Epilepsy in Leigh Syndrome With Mitochondrial DNA Mutations

Background: Leigh syndrome is a mitochondrial cytopathy that presents as a neurodegenerative disease with apparent manifestation in the central nervous system. The aim of the present study was to describe its dominant neurological clinical features and analyze data related to epilepsy in Leigh syndrome accompanied by a mitochondrial DNA mutation. Methods: Whole mitochondrial sequencing was performed on 125 patients clinically suspected of Leigh syndrome. Among them, 25 patients were identified to have mitochondrial DNA associated Leigh syndrome. Electroencephalography (EEG) findings, semiology, brain imaging findings, and biochemical results, were evaluated. We also compared brain magnetic resonance imaging findings and biochemical features in patients with Leigh syndrome based on the presence of epilepsy. Results: Clinical seizures were observed in 14 out of 25 enrolled patients (56%), with focal seizures being the most common type (6/14, 42.8%). All patients were found to have slow and disorganized background neural activity while eight exhibited epileptic discharges on EEG. Mutations at base pairs 10,191 and 8,993 were revealed in a relatively larger number of patients of Leigh syndrome with epilepsy. The presence of gastrointestinal symptoms was significantly more frequent in the epilepsy group (P = 0.042). Diffuse cerebral atrophy was significantly increased (P = 0.042) and cortex signal abnormalities were also increased (P = 0.033) in the epilepsy group.

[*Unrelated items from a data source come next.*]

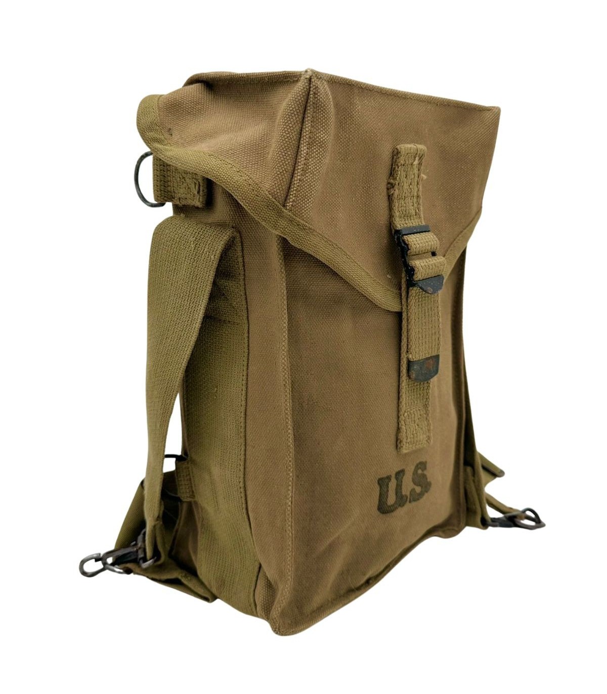 La General Purpose Bag (souvent appelée musette GP) est l'un des accessoires les plus polyvalents du GI. Initialement conçue pour transporter des munitions (clips de Garand, chargeurs de Thompson, grenades), elle fut rapidement détournée par les soldats pour transporter leurs effets personnels, des rations ou du matériel de soin.
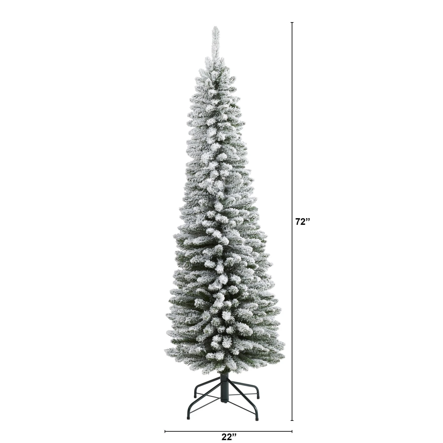 6’ Flocked Pencil Artificial Christmas Tree With 438 Bendable Branches
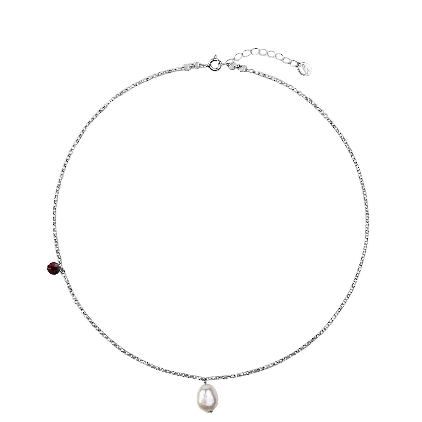 Комплектация:1 цепочка-подвеска в фирменной подарочной упаковкеОписание:Короткая, изысканная серебряная цепь-подвеска с натуральным барочном жемчугом высокого качества и гранатом в ювелирной огранке. Модель подвески ассиметричная, очень деликатная, подход
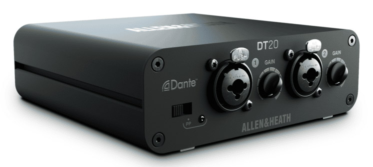 ALLEN & HEATH DT20-M DANTE INTERFACE Portable, 2x inputs, 3-pin XLR connections Code stock : 95-7882
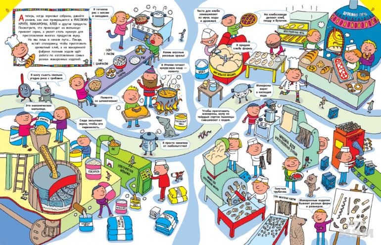 Откуда берутся все вкусные вещи в наших тарелках, как они попадают на нашу кухню? Сколько разных блюд можно приготовить из риса? Кто ловит рыбу, кто собирает фрукты? И сколько разной работы нужно сделать, чтобы в наших тарелках оказалась пицца с сыром или каша с маслом? Узнаем это вместе с нашим другом поварёнком Фуди, который возьмет нас в своё весёлое и интересное путешествие в мир еды и продуктов. Познавательная книга в стиле виммельбух поможет родителям и детям провести время весело и с пользой, читая несложные тексты и рассматривая картинки.
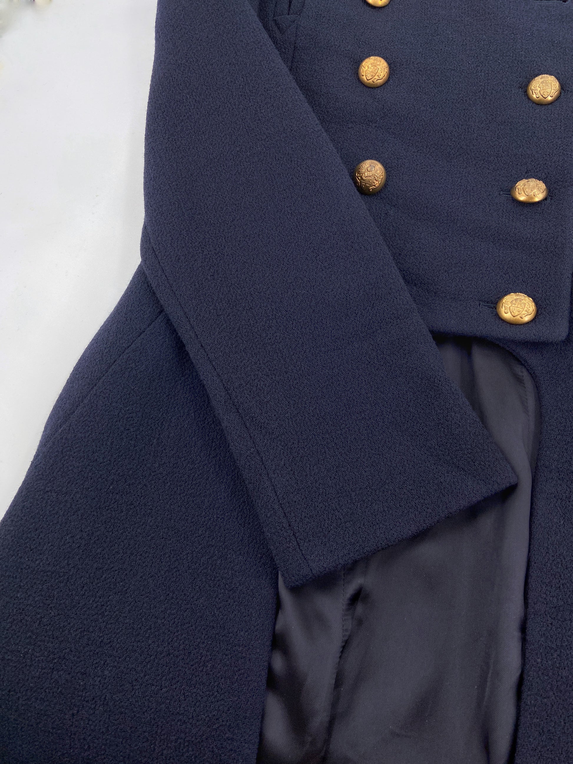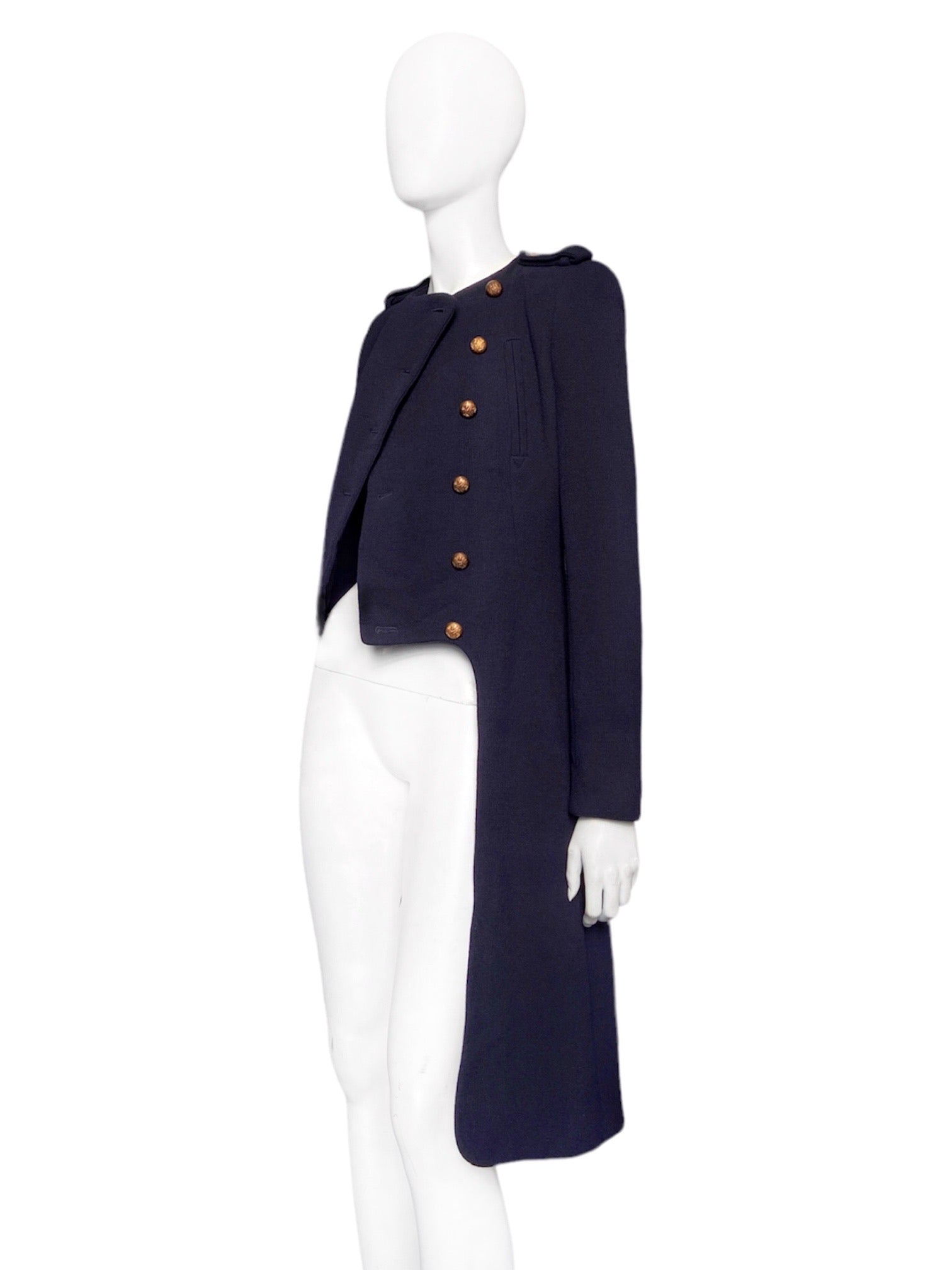 This is a double-breasted tailcoat with gold engraved buttons and decorated with epaulettes

Conclusions: Patients with Leigh syndrome and mitochondrial DNA mutations had a high proportion of central nervous system comorbidities, though the prevalence of epilepsy in this population was not particularly high. Various types of seizure and EEG findings are common in those with Leigh syndrome. Future imaging studies involving more patients and proper mitochondrial DNA mutation analyses are needed to further evaluate the natural course of Leigh syndrome with epilepsy.